Data provided Block Start
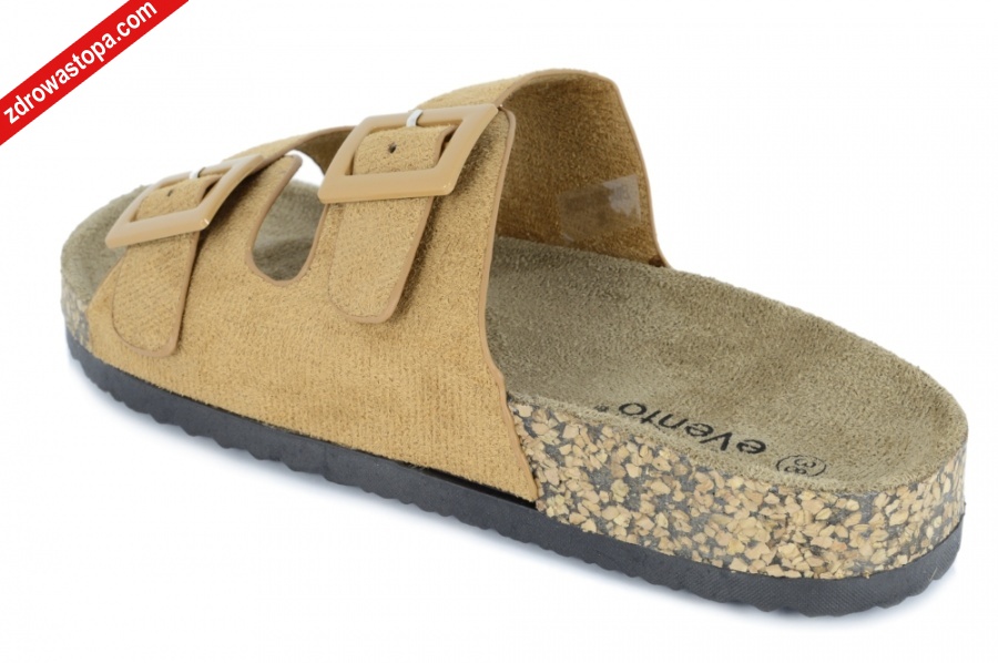 Typ: klapki Kolor: brązowy Materiał wierzchni: materiał ekologiczny Wnętrze buta: materiał ekologiczny Dodatkowe informacje: Wyprofilowane ortopedyczne klapki regulowane na dwa paski z klamerką.
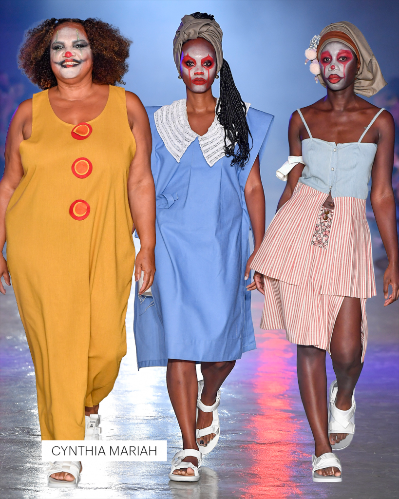 Cynthia Mariah trocou o clima espacial por um picadeiro: modelos vestindo fantasias de palhaço deram o tom da coleção. As listras se destacam e guiam o olhar.
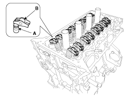 Снимите HLA (гидравлический компенсатор зазора) (A) и поворотный рычаг (B).
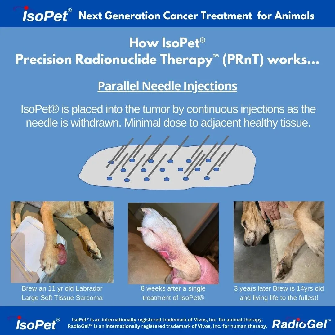 IsoPet® therapy is administered directly into the tumor without harm to the surrounding tissues or organs. Your pet will not feel any side effects of treatment.
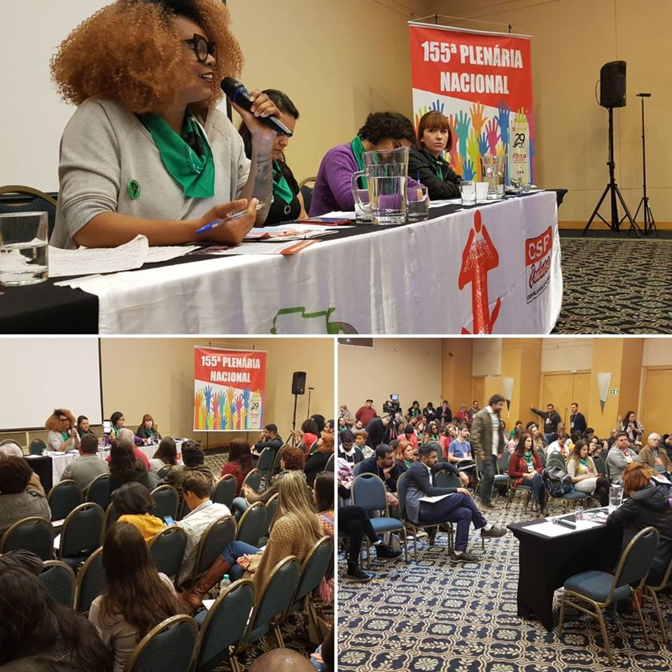 - Durante seu informe, o Sindscope apresentou sua campanha (adesivos, bandana e broche) em defesa da legalização do aborto no Brasil. Sindicato também distribuiu o material aos participantes da 155ª PLENA. Entenda melhor o debate sobre a interrupção da gravidez, em pauta nesta semana no STF, resgatado pela ADPF 442: http://justificando.cartacapital.com.br/2017/08/09/quais-sao-as-ultimas-noticias-sobre-o-direito-ao-aborto-no-brasil/
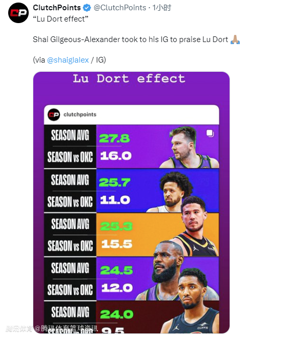 2025-04-01 08:00北京时间4月1日,雷霆队球员亚历山大更新个人社交媒体,他晒出了一张东契奇、詹姆斯等球星场均得分数据和面对雷霆时得分数据的对比图,并配文写道:“多尔特效应。”称赞队友多尔特对于这些顶级球星的出色防守。
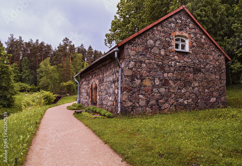 building, antique, ancient, historical, stone, commercial, agricultural, rural, domestic, stock, nature, landscape, summer, green, tree, plant, road, dirtied
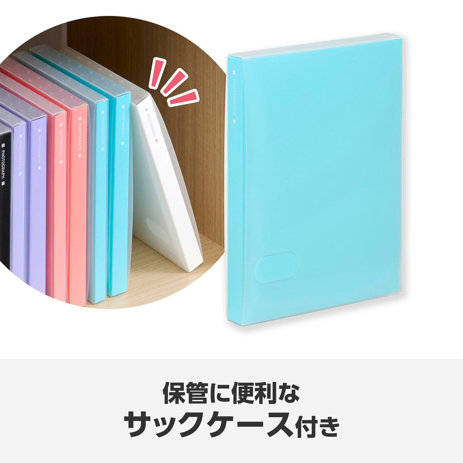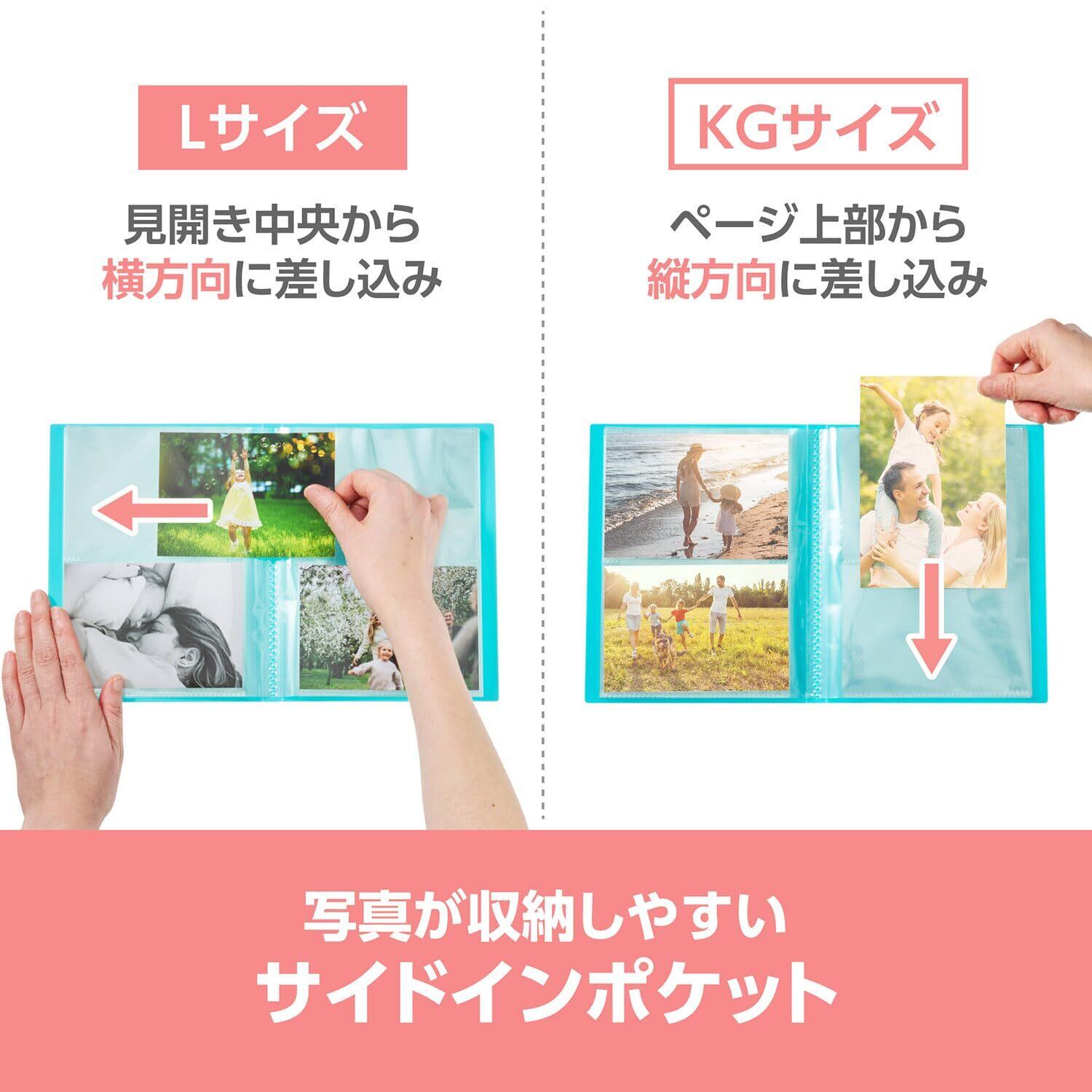 ■対応写真サイズ:Lサイズ(W127×H89mm)・KGサイズ(W152×H102mm) ■表紙サイズ:約W154×H200×D19mm ■収納枚数:Lサイズ80枚またはKGサイズ40枚
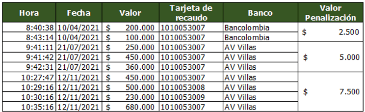 Cada una de las consignaciones realizadas en seguidilla generará una penalización de dos mil quinientos pesos ($2.500). El valor total de la penalización será descontado del saldo del USUARIO el día siguiente de haber realizado las transacciones en seguidilla, situación que será notificada a través de un mensaje en la cuenta de usuario.
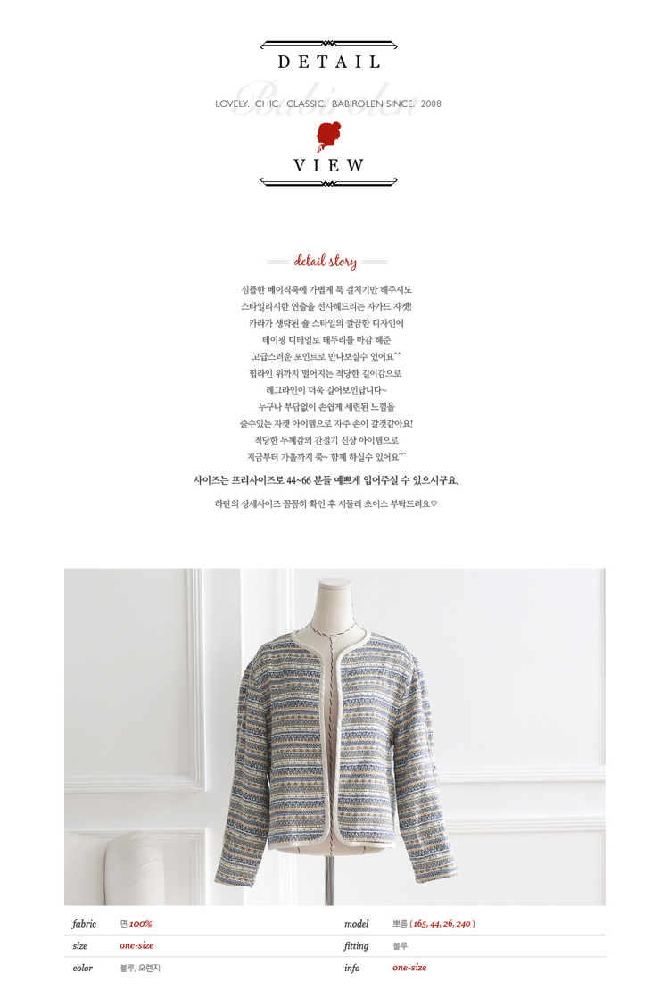 韩国女装代销 babirolen民俗风开衫短外套(2色)
Data provided Block End
Exercise directions: Would you repeat exactly, and only, the lines from the start of the records above through the line containing "Cynthia Mariah trocou", with the pictures omitted?

Answer below:
 Typ: klapki Kolor: brązowy Materiał wierzchni: materiał ekologiczny Wnętrze buta: materiał ekologiczny Dodatkowe informacje: Wyprofilowane ortopedyczne klapki regulowane na dwa paski z klamerką.
 Cynthia Mariah trocou o clima espacial por um picadeiro: modelos vestindo fantasias de palhaço deram o tom da coleção. As listras se destacam e guiam o olhar.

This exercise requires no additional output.